-- What the exercise asks --
Please return the listing below word for word, minus its pictures.

-- The records --
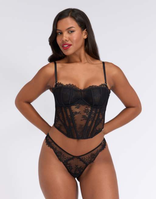 Boux Avenue Ava floral sheer lace corset with boning lingerie in black
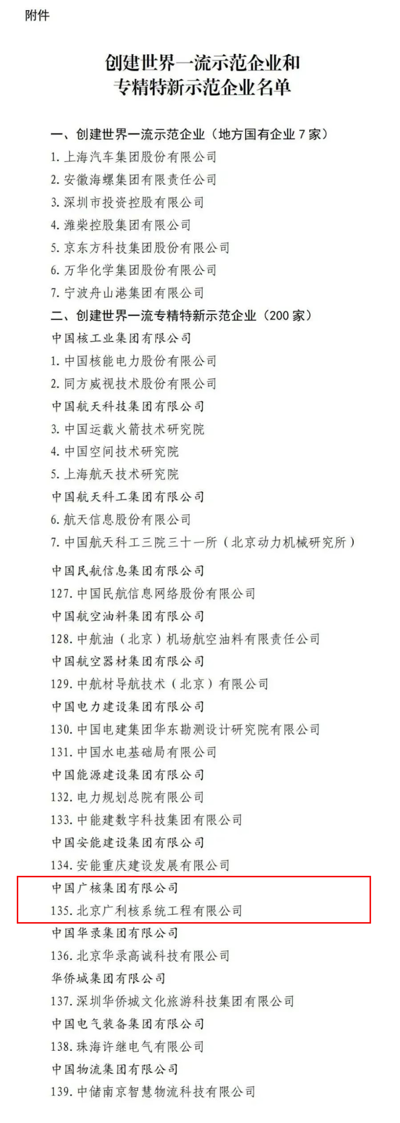 近日,國務(wù)院國資委印發(fā)《創(chuàng)建世界一流示范企業(yè)和專精特新示范企業(yè)名單》,中國廣核集團下屬北京廣利核系統(tǒng)工程有限公司入選該名單,成為全國200家創(chuàng)建世界一流專精特新示范企業(yè)之一。
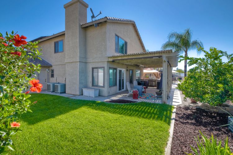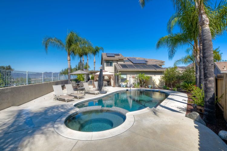 STOP THE CAR!!!  You just found your Dream Pool Home! TURNKEY, ENERGY EFFICIENT, Summertime is here for your family!  This delightful home boasts 2162 sq. ft, 4 bedrooms, 3 bathrooms with extensive  upgrades throughout the home. This home is situated on over 16,000 sq. ft. lot. Entertain your family and friends in your own private oasis! The  Pebble Tech Pool and Spa that offer a  tanning ledge, pool slide and in pool umbrella insert. The yard is so  spacious there is plenty of room around the pool for several chaise lounges to hang out and relax on the green grass area or under the covered patio area. The outdoor patio kitchen offers bar top seating,  a family size BBQ, microwave, and mesmerizing mountain views with cool breezes and no neighbors  behind the home for ultimate privacy.  The interior of the home is equally impressive  as you are greeted by the high ceilings, open  area, lavish flooring, and natural sunlight provided by the dual pane skylight.  Impressive laminate flooring with custom baseboards throughout the lower level. The kitchen has been remodeled with Whirlpool appliances, Shaker cabinets with stylish hardware, a quartz countertop with coordinating tile backsplash, and contemporary lighting. There is plenty of storage space in the large pantry. The kitchen opens into the family room with a stacking stone tile decor fireplace and sliding glass door leading out to the resort-style backyard. Upstairs you will find 4 bedrooms and a hallway bathroom with newer fixtures, mirrors, and vanity and a tub/shower combo. The stunning master bedroom opens up to a beautiful custom wood accent wall and breathtaking views of the hilltops and peaceful backyard. Master bathroom offers a deep soaking tub and a large tile walk-in shower.  The remaining 3 secondary bedrooms are carpeted with ceiling fans and substantial closet space. Mature lawn and beautifully landscaped with palm trees and vegetable garden and tranquil water fountain. This home includes Solar Panels, upgraded Millgard windows and sliding doors, 22' Blown in attic insulation for superior insulation, dual A/C units, a whole house fan, and Energy Star Appliances, 3 car garage with plenty of storage cabinets and a garage door opener. Situated in the phenomenal location of Central Murrieta, it is conveniently between the 15 & 215 freeways and minutes to schools, restaurants, movie theaters, shopping centers & parks.  WELCOME HOME and enjoy panoramic sunsets every day!
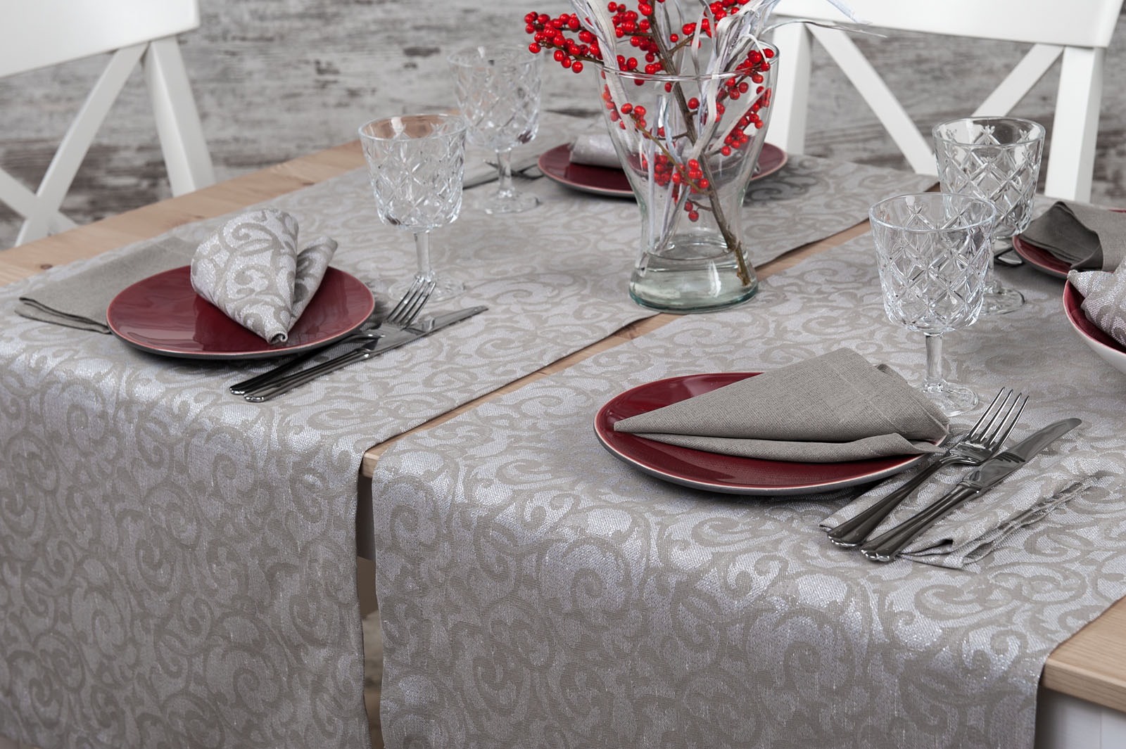 • Żakardowy srebrzysto - szary bieżnik na święto.
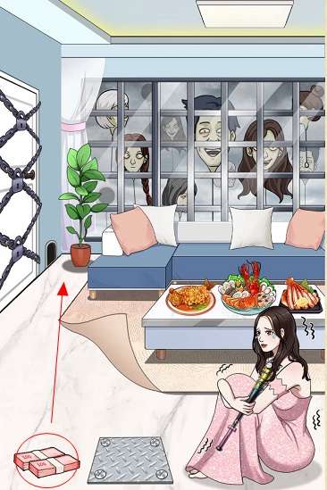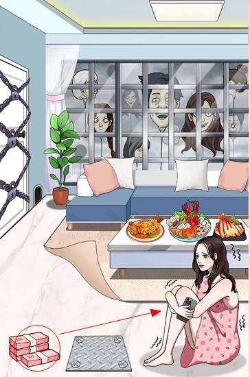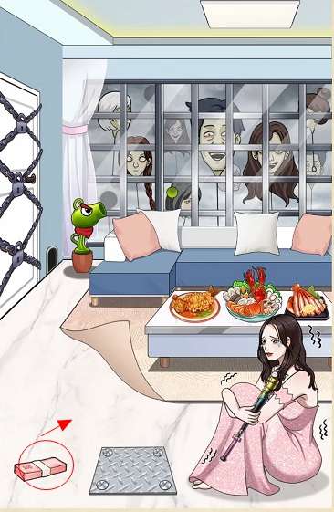6、点击地毯往上划动,把钱拖到地毯下的零食上,变成美食。
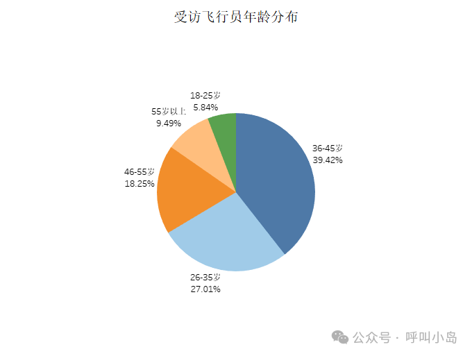 结论: 此次受访的飞行员主要以有一定飞行经验(1~10年)的飞行员为主。
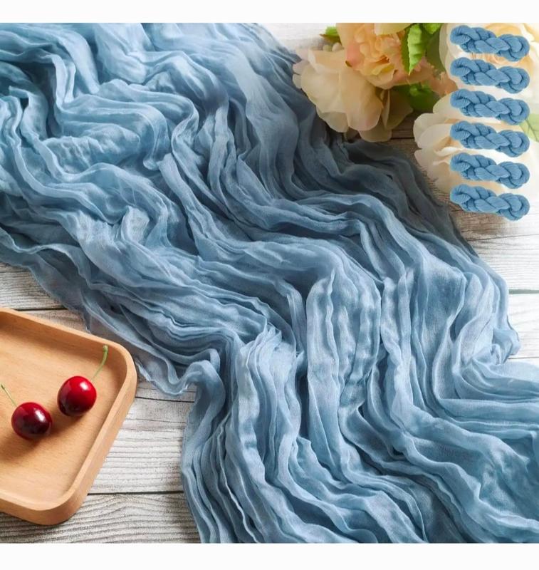 Раннер марлевый набор.Колир Дасти блу.Дорожка 2м×90см+6шт салфеток 45×35см
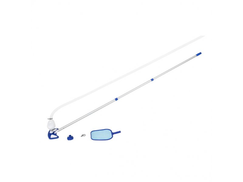 | Karakteristike | Namena: Za nadzemne bazene prečnika do 6.1 m Sadržaj pakovanja: Podesiva aluminijumska šipka dužine 2.79 m, ukloniva vreća za otpad, usisno crevo prečnika 3.2 cm i dužine 7.5 m, |
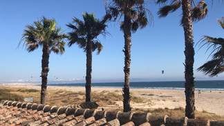 Das Hotel "Dos Mares" liegt etwa 6 km vor Tarifa, an der N-340. An der "Playa Los Lances". Hier gibt es weissen Sand, graue Steine und herrliche Wellen im Wasser. Je nach Wetter wechselt die Farbe des Wassers. Klar und blau bis karibik-türkis ... und am Horizont liegt Marokko - zum Greifen nah. Gerade sitze ich in der Bar "Dos Vientos" des Hotels, höre chillige Musik und auf dem Wasser tanzen die Kitedrachen im Wind. Das Meer trägt heute weisse Schaumkrönchen und die Sonne lässt die Palmenblätter dazu glänzen. Wo sollte es einen besser Platz zum Schreiben geben. Durch die offenen Türen weht der warme Sommerwind hinein und trocknet meine nassen Haare. Dazu einen wirklich guten Café solo. Das Leben kann so einfach sein!
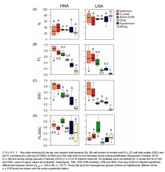 HNA/LNA比例穩定(~30%/70%),但絕對豐度和單細胞特征因生態位而異(圖4, 5)。
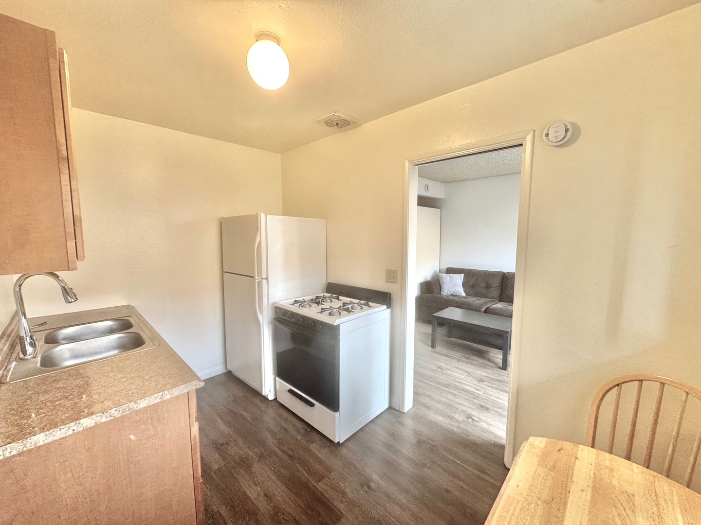 - Furnishings include couch, coffee table, kitchen table, full size bed, and dresser
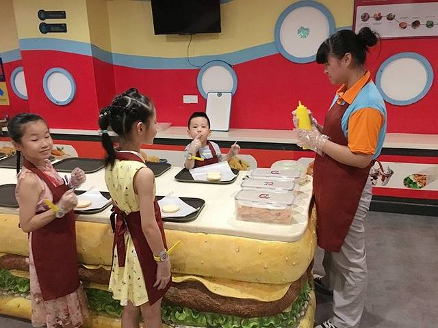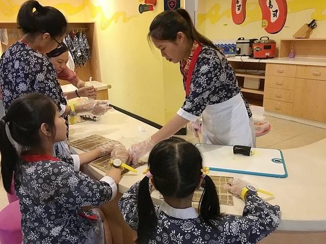 还有做寿司和汉堡的商铺,小姐姐们教他们手把手做出美味的食物,让他们知道“谁知盘中餐粒粒皆辛苦”,做出来食物分享给爸爸妈妈也是一种幸福感的传递吧。
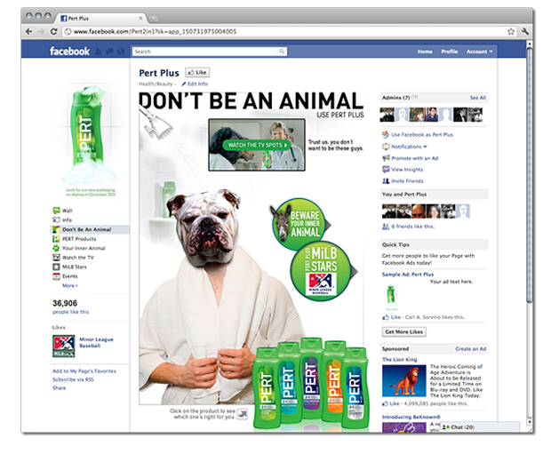 If you don't use PERT you could unleash your inner animal. Don't let that happen. A Facebook presence touts a MiLB partnership, a full product display, The Sudzinator and other games, as well as product giveaway's and daily fan activities, designed to drive participation. The fully integrated campaign also included Print and Broadcast Media creative.
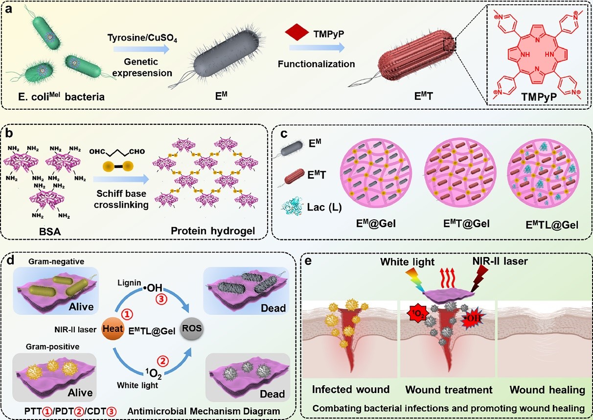 为了促进细菌感染的治疗效果并在时空上限制工程细菌的感染,重庆时时彩 刘俊秋教授团队提出“以菌抗菌”的概念,将工程光热细菌与蛋白质水凝胶平台相结合,开发了一种生物相容性、多模式、工程活蛋白质水凝胶贴片,用于结合活性氧(ROS)和细菌的光热疗法(图1)。首先构建了一种黑色素基因工程大肠杆菌(EM)并用于体内表达黑色素颗粒,表现出良好的光热响应。带正电荷的四甲基吡啶卟啉(TMPyP)被吸附在EM(EMT)表面,通过避免聚集和提高PDT抗菌剂的量子产率,促进光介导产生剧毒单线态氧(1O2)。漆酶(Lac)是一种含铜多酚氧化酶,被引入以在木质素存在的有氧条件下催化有毒ROS的产生。最后,通过戊二醛交联,将工程化的 EMT 生物杂化物和 Lac 酶 (EMTL@Gel) 共同嵌入生物相容性牛血清白蛋白 (BSA) 水凝胶贴片中。

-- Solution --
 Boux Avenue Ava floral sheer lace corset with boning lingerie in black
 近日,國務(wù)院國資委印發(fā)《創(chuàng)建世界一流示范企業(yè)和專精特新示范企業(yè)名單》,中國廣核集團下屬北京廣利核系統(tǒng)工程有限公司入選該名單,成為全國200家創(chuàng)建世界一流專精特新示范企業(yè)之一。
 STOP THE CAR!!!  You just found your Dream Pool Home! TURNKEY, ENERGY EFFICIENT, Summertime is here for your family!  This delightful home boasts 2162 sq. ft, 4 bedrooms, 3 bathrooms with extensive  upgrades throughout the home. This home is situated on over 16,000 sq. ft. lot. Entertain your family and friends in your own private oasis! The  Pebble Tech Pool and Spa that offer a  tanning ledge, pool slide and in pool umbrella insert. The yard is so  spacious there is plenty of room around the pool for several chaise lounges to hang out and relax on the green grass area or under the covered patio area. The outdoor patio kitchen offers bar top seating,  a family size BBQ, microwave, and mesmerizing mountain views with cool breezes and no neighbors  behind the home for ultimate privacy.  The interior of the home is equally impressive  as you are greeted by the high ceilings, open  area, lavish flooring, and natural sunlight provided by the dual pane skylight.  Impressive laminate flooring with custom baseboards throughout the lower level. The kitchen has been remodeled with Whirlpool appliances, Shaker cabinets with stylish hardware, a quartz countertop with coordinating tile backsplash, and contemporary lighting. There is plenty of storage space in the large pantry. The kitchen opens into the family room with a stacking stone tile decor fireplace and sliding glass door leading out to the resort-style backyard. Upstairs you will find 4 bedrooms and a hallway bathroom with newer fixtures, mirrors, and vanity and a tub/shower combo. The stunning master bedroom opens up to a beautiful custom wood accent wall and breathtaking views of the hilltops and peaceful backyard. Master bathroom offers a deep soaking tub and a large tile walk-in shower.  The remaining 3 secondary bedrooms are carpeted with ceiling fans and substantial closet space. Mature lawn and beautifully landscaped with palm trees and vegetable garden and tranquil water fountain. This home includes Solar Panels, upgraded Millgard windows and sliding doors, 22' Blown in attic insulation for superior insulation, dual A/C units, a whole house fan, and Energy Star Appliances, 3 car garage with plenty of storage cabinets and a garage door opener. Situated in the phenomenal location of Central Murrieta, it is conveniently between the 15 & 215 freeways and minutes to schools, restaurants, movie theaters, shopping centers & parks.  WELCOME HOME and enjoy panoramic sunsets every day!
 • Żakardowy srebrzysto - szary bieżnik na święto.
6、点击地毯往上划动,把钱拖到地毯下的零食上,变成美食。
 结论: 此次受访的飞行员主要以有一定飞行经验(1~10年)的飞行员为主。
 Раннер марлевый набор.Колир Дасти блу.Дорожка 2м×90см+6шт салфеток 45×35см
 | Karakteristike | Namena: Za nadzemne bazene prečnika do 6.1 m Sadržaj pakovanja: Podesiva aluminijumska šipka dužine 2.79 m, ukloniva vreća za otpad, usisno crevo prečnika 3.2 cm i dužine 7.5 m, |
 Das Hotel "Dos Mares" liegt etwa 6 km vor Tarifa, an der N-340. An der "Playa Los Lances". Hier gibt es weissen Sand, graue Steine und herrliche Wellen im Wasser. Je nach Wetter wechselt die Farbe des Wassers. Klar und blau bis karibik-türkis ... und am Horizont liegt Marokko - zum Greifen nah. Gerade sitze ich in der Bar "Dos Vientos" des Hotels, höre chillige Musik und auf dem Wasser tanzen die Kitedrachen im Wind. Das Meer trägt heute weisse Schaumkrönchen und die Sonne lässt die Palmenblätter dazu glänzen. Wo sollte es einen besser Platz zum Schreiben geben. Durch die offenen Türen weht der warme Sommerwind hinein und trocknet meine nassen Haare. Dazu einen wirklich guten Café solo. Das Leben kann so einfach sein!
 HNA/LNA比例穩定(~30%/70%),但絕對豐度和單細胞特征因生態位而異(圖4, 5)。
 - Furnishings include couch, coffee table, kitchen table, full size bed, and dresser
 还有做寿司和汉堡的商铺,小姐姐们教他们手把手做出美味的食物,让他们知道“谁知盘中餐粒粒皆辛苦”,做出来食物分享给爸爸妈妈也是一种幸福感的传递吧。
 If you don't use PERT you could unleash your inner animal. Don't let that happen. A Facebook presence touts a MiLB partnership, a full product display, The Sudzinator and other games, as well as product giveaway's and daily fan activities, designed to drive participation. The fully integrated campaign also included Print and Broadcast Media creative.
 为了促进细菌感染的治疗效果并在时空上限制工程细菌的感染,重庆时时彩 刘俊秋教授团队提出“以菌抗菌”的概念,将工程光热细菌与蛋白质水凝胶平台相结合,开发了一种生物相容性、多模式、工程活蛋白质水凝胶贴片,用于结合活性氧(ROS)和细菌的光热疗法(图1)。首先构建了一种黑色素基因工程大肠杆菌(EM)并用于体内表达黑色素颗粒,表现出良好的光热响应。带正电荷的四甲基吡啶卟啉(TMPyP)被吸附在EM(EMT)表面,通过避免聚集和提高PDT抗菌剂的量子产率,促进光介导产生剧毒单线态氧(1O2)。漆酶(Lac)是一种含铜多酚氧化酶,被引入以在木质素存在的有氧条件下催化有毒ROS的产生。最后,通过戊二醛交联,将工程化的 EMT 生物杂化物和 Lac 酶 (EMTL@Gel) 共同嵌入生物相容性牛血清白蛋白 (BSA) 水凝胶贴片中。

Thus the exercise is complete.